打个比方说混沌
混沌,也没那么模糊,复杂,也不是混乱,无序。说不清楚,是我们的局限。
大道至简,我这里简单打个比方。
比如下图中,在原始丛林里砍下的一颗参天大树。要把它分成很多段,好拉出去做器具。请来了一剑无痕大师,结果他在树上扎了好多个窟窿。
一个窟窿断不了,它又扎了好多个窟窿,大家再一起用手推,用脚踹,最后终于砍下来分段。
但这不是重点。
重点是,这来自同一颗大树的一段段木材,分到了各地的能工巧匠手里,做了一张一叔的大床,在河里荡,它喜欢荡,还做了一把老键的椅子,坐在大海边上离骚,同理,还做了山水兄的茶案,听清风明月,来罘兄一块苏美尔楔形文字刻版,抚今追昔,木兄手中的一柄折扇,上书“没文化”三个大字,格调高雅,还有一剑喜欢的一根拔粪宝。
总之呢,大家各有所爱,且在五湖四海。
各人细看自己的那件宝贝,都是清晰的,确定的,爱不释手的,没有任何模糊、混沌可言。
除了上帝,也许也没有任何一个人类,知道这些有区分的、清晰的、确定的不同的宝贝,不模糊的,不混沌的,来自丛林里那一颗参天大树。
假设我们有上帝视角,请循其本,如倒播录像一般,那么无论是拔粪宝、折扇、楔形文字木刻、茶案、椅子和大床,从五湖四海,回到运输、市场,不同艺人、作坊的手,到那分成几段的原木,最后回到原始丛林里刚砍下还没有被一剑捅下许多窟窿的大树原木。
道德经上,老子叫这个东西“朴”。
全回来了。
它们都回来了对吧?拔粪宝、折扇、木刻、茶案、椅子和大床,全回来了。包括当初被一剑捅下掉进臭水沟的木屑,全回来了,在上图的“朴”上。
仿佛从未分离一般。
你看不出哪一块是臭水沟的,哪一块是茶案的,甚至做成耶稣、佛祖雕像的。
但是呢,它们都拥有相同的材质、质地、纹理。
它们都是这样的“朴”,无分别的,无区分的,什么物质形态上叫得出名字的成品都没有,商人、市场附加的价格、价值也没有,精神上赋予的高低贵贱也没有。
但是准备有。
砍下来,分成段,拉出去,就开始有。
什么是混沌,这个就是混沌了。只是我举了一个看得见听得到摸得着的例子。而真正的混沌,“大象无形”,“大音希声”,“大方无隅”,是看不见听不到摸不着的。

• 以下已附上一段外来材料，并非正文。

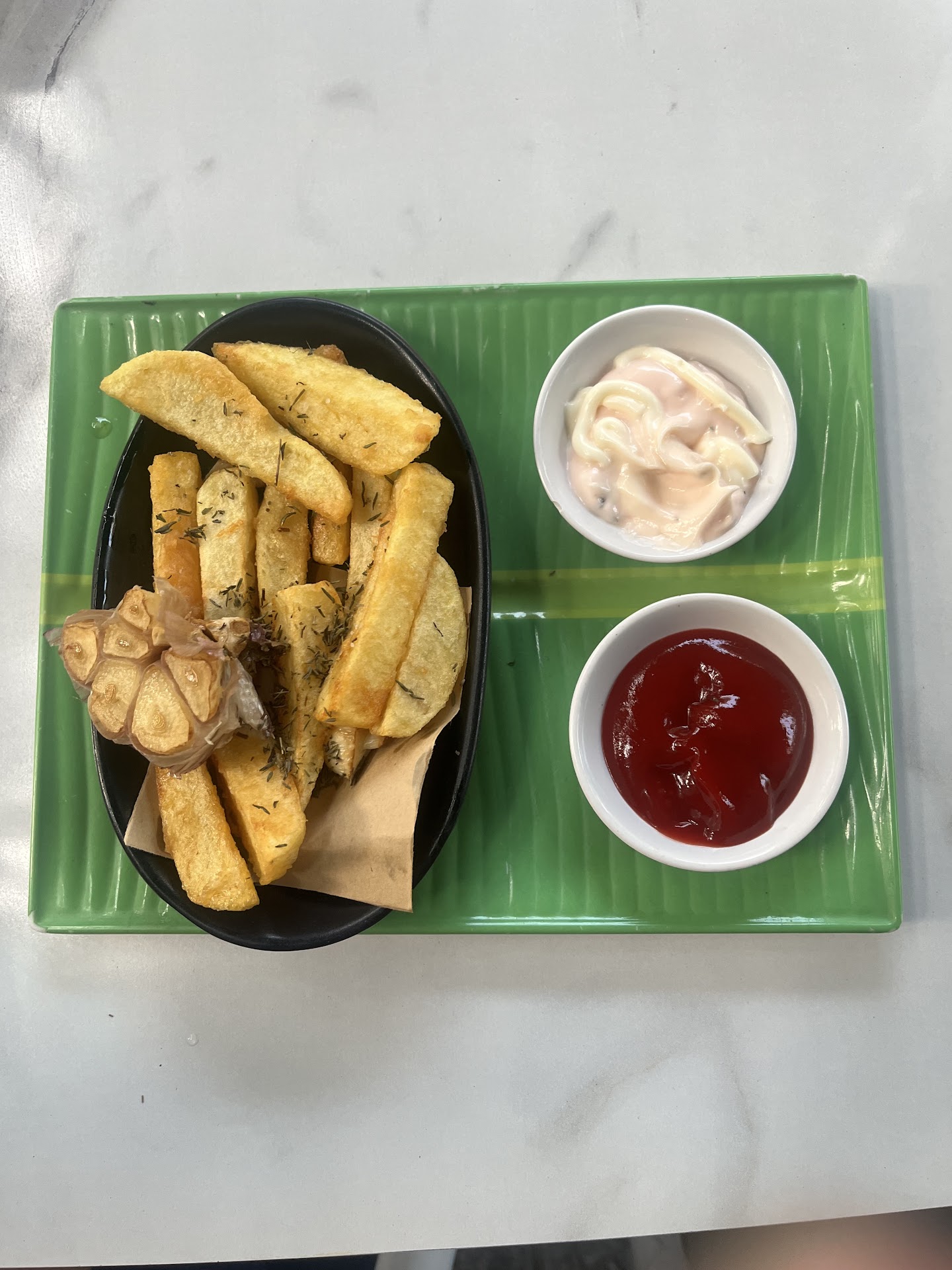 French fries (3.5/5) The french fries was nice, it was thick and crusty. The only downside is the lack of seasoning, think they didnt toss the french fries and also it gets abit oily when its cool. The sauce also need some upgrades. The garlic was a nice touch, could char the garlic slight more to better bring out the taste.

“视之不见名曰夷,听之不闻名曰希,搏之不得名曰微。此三者不可致诘,故混而为一”。
这个是混沌。
虽然看不见听不到摸不着,但可以推理,可以领悟,甚至可以感知。
“闭耳塞听”。
“闭耳塞听”,在生活常理中,是个贬义词,但在老子道德经哲学中,无非类似庄子心斋。你不被眼前有区分的、清晰的现象世界迷惑,没有什么杂念,那么心中存一志,或完全放空,那也就像坐禅,去推理、领悟、体验,那看似虚无的混沌了。
回到那个状态。
那块木头。万物同质同一,从它而来。有形来自无形,有分来自无分。其无形无状,未有区分,并非模糊、不清、混乱、无序。
而实际上,所有的清晰、确定、有序,来自于它的清晰、确定、有序。
否则一颗种子,如何长成一颗参天大树,一个小豆豆,如何长成了一个一米八的有鼻子有眼睛的大个儿,或前凸后翘的美女呢?
一定有一。
一的背后是什么呢?一之前呢?
一都混沌,那更不知道。
不知道,所以我们叫它道。
来罘
2024-12-28 16:02:55陶兄这是要打群架吗?身板可够结实?不过,你还没攻到我的城下,吾且安坐城楼观山景。